È così. I populismi fanno leva sulle istanze nazionali. Salvo riscoprire l’Ue quando arrivano al governo. È questo meccanismo che dobbiamo scardinare per essere persuasivi verso i cittadini.

Ma come?

Occorre intervenire come priorità sul funzionamento dell’Unione più che pensare a nuovi strumenti, tipo un nuovo Recovery plan. Sono molto preoccupato per il peso crescente che ha il Consiglio Europeo. Se vediamo le istituzioni come un grande edificio, il piano più alto è quello occupato dai vertici fra capi di Stato e di governo; la Commissione sta sotto e un po’ tutti, nel prendere decisioni operative, si fanno condizionare dallo spirito del piano di sopra. Non dovrebbe essere così.

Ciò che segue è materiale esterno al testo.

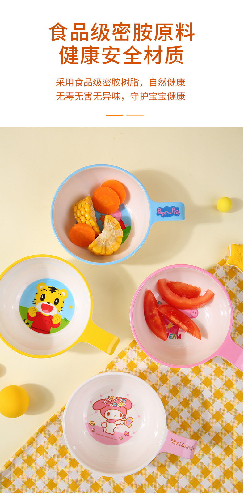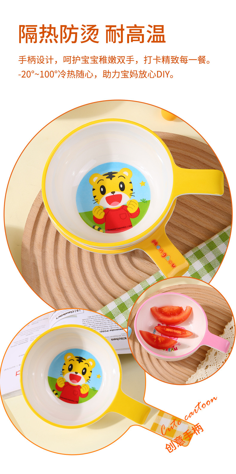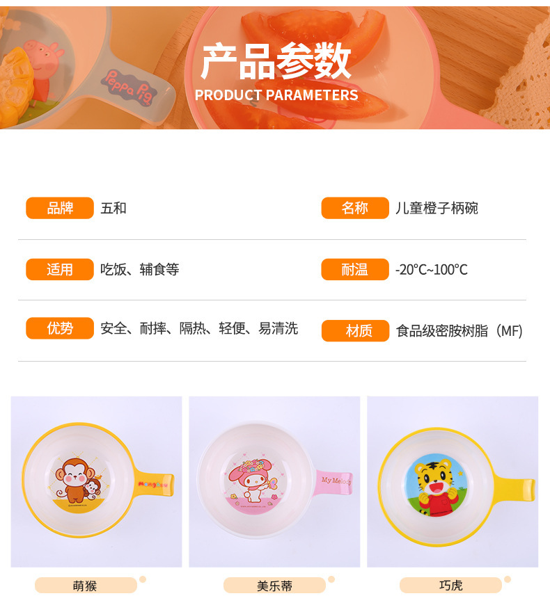 어린이 식기 식품 등급 멜라민 식기 어린이 그릇 가정용 이유식 그릇 안티 스케일 드롭 핸들 그릇 도매

Lei sarà per sempre associato al governo di fine 2011, nato sulla spinta della Bce e dei mercati. Non crede che siano, in parte, anche operazioni simili a minare la fiducia dei cittadini?

Un po’ sì, perché si palesa un circuito delle decisioni che viene dal di fuori, eterodiretto. E sicuramente nel 2011 l’influenza della Bce fu molto forte. Per di più non era una sua competenza diretta. D’altra parte, è anche vero che quelle politiche restrittive andavano fatte in quella fase storica, si rischiava di far fallire un Paese con lo spread a 574.

Lei nel libro rifiuta l’etichetta di fautore dell’austerità e chiama in causa anche Draghi (che cofirmò con Trichet la lettera della Bce) e Berlusconi.

Sì, perché assieme a una serie di misure che tanti , me compreso, ritenevano giuste e urgenti, c’erano altre richieste che si potevano rifiutare, come fece la Spagna di Zapatero. Mi riferisco in particolare all’anticipo al 2013 del pareggio di bilancio, che fu imposto e venne accettato da Berlusconi. Mentre io poi tentai, invano, di riprocrastinarlo al 2014.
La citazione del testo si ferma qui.